A group of Russian scientists at the oil and gas research institute of the Russian Academy of Sciences, led by Azary Barenbaum, have come up with a new explanation of the nature of oil and gas formation. They argue that huge reserves of hydrocarbons may take only decades to be formed, not millions of years, as earlier believed. The new theory was published this month in the leading Russian scientific magazine Nauka I Zhizn (Science and Life).
Researchers have registered an increase in oil reserves in oil-rich provinces where deposits were explored and have been developed for many years and where oil consumption is comparatively high. Those oil-rich areas include the Russian province of Tatarstan, Ukraine, Azerbaijan, Texas and Oklahoma in the U.S., and Mexico. Depletion of reserves is possible only in the oil and gas exploration areas where consumption levels are low, holds Professor Barenbaum. He insists that formation of oil and gas is not so geological as climatic by nature, related to the water cycle and circulation of carbon on our planet.
The decisive role in that process belongs to carbon infiltrating the earth's surface with rains in the course of their incessant circulation. Carbons entering the surface - chiefly in the form of hydrogen carbonate - along with rain waters transform into hydrocarbons, which create the basis for accumulation of oil and gas in geologic traps.
Conclusions drawn by the specialists of the oil and gas research institute have been confirmed in the course of exploratory drilling in the Moscow Region. The researchers have concluded that up to 90 percent of all oil and gas reserves on the planet are formed at the depth of 1 to 10 km and only 10 percent are formed out of organic waste. Hence, the entire process of formation takes decades, not millions of years, Russian scientists say.
This is not the first time the scientists have challenged the traditional theory of oil and gas formation, which says that oil and gas deposits are the remains of plant and animal life that died millions of years ago and were compressed by heat and pressure over millions of years.
Back in the 1950s Russian and Ukrainian geologists came up with a theory that formation of oil deposits requires the high pressures only found in the deep mantle and that the hydrocarbon contents in sediments do not exhibit sufficient organic material to supply the enormous amounts of petroleum found in supergiant oil fields.
According to their theory oil is not a fossil fuel at all, but was formed deep in the Earth's crust from inorganic materials. Based on the theory, successful exploratory drilling has been undertaken in the Caspian Sea region, Western Siberia, and the Dneiper-Donets Basin.
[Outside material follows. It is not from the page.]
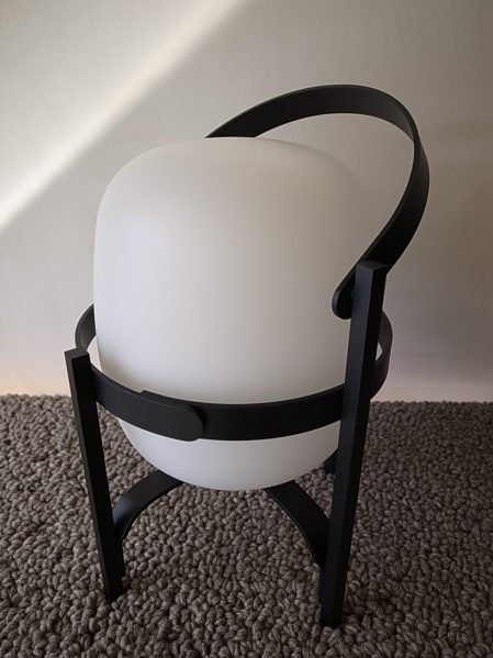 スペインの照明ブランド「SANTA&COLE」の充電式ランプ Ceatita Bateriaに外部でも使用できるタイプが加わっています。マットブラックのアルミのフレームに乳白ポリエチレンシェードで防雨防滴。室内はもちろんテラスでの食事やキャンプなどのアウトドアで大いに活躍しそうです。

The abyssal, abiotic theory of oil formation has received more attention in the West recently because of the work of retired Cornell astronomy professor Thomas Gold, who is known for the development of several theories that were initially dismissed, but eventually proven true, including the existence of neutron stars, the Environmental Literacy Council reported on its website. (The ELC is a U.S.-based independent, non-profit organization, that focuses on environmental literacy, helping young people to develop a fundamental understanding of the systems of the world, both living and non-living, along with the analytical skills needed to weigh scientific evidence and policy choices, according to the Council's website).
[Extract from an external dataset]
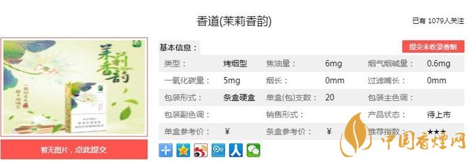 泰山茉莉香韻煙支長97mm,過濾嘴香煙,將煙葉和花茶中精萃的芳香物質(zhì)以涂層的方式入鋁箔紙,悠長醇化,每一根卷煙,一直到被您享用的那一刻,她的醇化歷程才算完成。下面我們一起來看泰山茉莉香韻的參數(shù)信息:焦油量:6mg 煙堿量:0.6mg 一氧化碳量:5mg

However, Gold has also been wrong. He was a proponent of the "steady state" theory of the universe, which has since been discarded for the "Big Bang" theory. Gold's theory of oil formation, which he expounded in a book entitled "The Deep Hot Biosphere", is that hydrogen and carbon, under high temperatures and pressures found in the mantle during the formation of the Earth, form hydrocarbon molecules which have gradually leaked up to the surface through cracks in rocks. The organic materials which are found in petroleum deposits are easily explained by the metabolism of bacteria which have been found in extreme environments similar to the Earth's mantle. These hyperthermophiles, or bacteria which thrive in extreme environments, have been found in hydrothermal vents, at the bottom of volcanoes, and in places where scientists formerly believed life was not possible. Gold argues that the mantle contains vast numbers of these bacteria.
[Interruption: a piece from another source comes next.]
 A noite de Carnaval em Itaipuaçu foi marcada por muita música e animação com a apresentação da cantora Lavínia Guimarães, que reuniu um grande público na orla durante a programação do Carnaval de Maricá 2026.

The abiogenic origin of petroleum deposits would explain some phenomena that are not currently understood, such as why petroleum deposits almost always contain biologically inert helium. Based on his theory, Gold persuaded the Swedish State Power Board to drill for oil in a rock that had been fractured by an ancient meteorite. It was a good test of his theory because the rock was not sedimentary and would not contain remains of plant or marine life. The drilling was successful, although not enough oil was found to make the field commercially viable. The abiotic theory, if true, could affect estimates of how much oil remains in the Earth's crust.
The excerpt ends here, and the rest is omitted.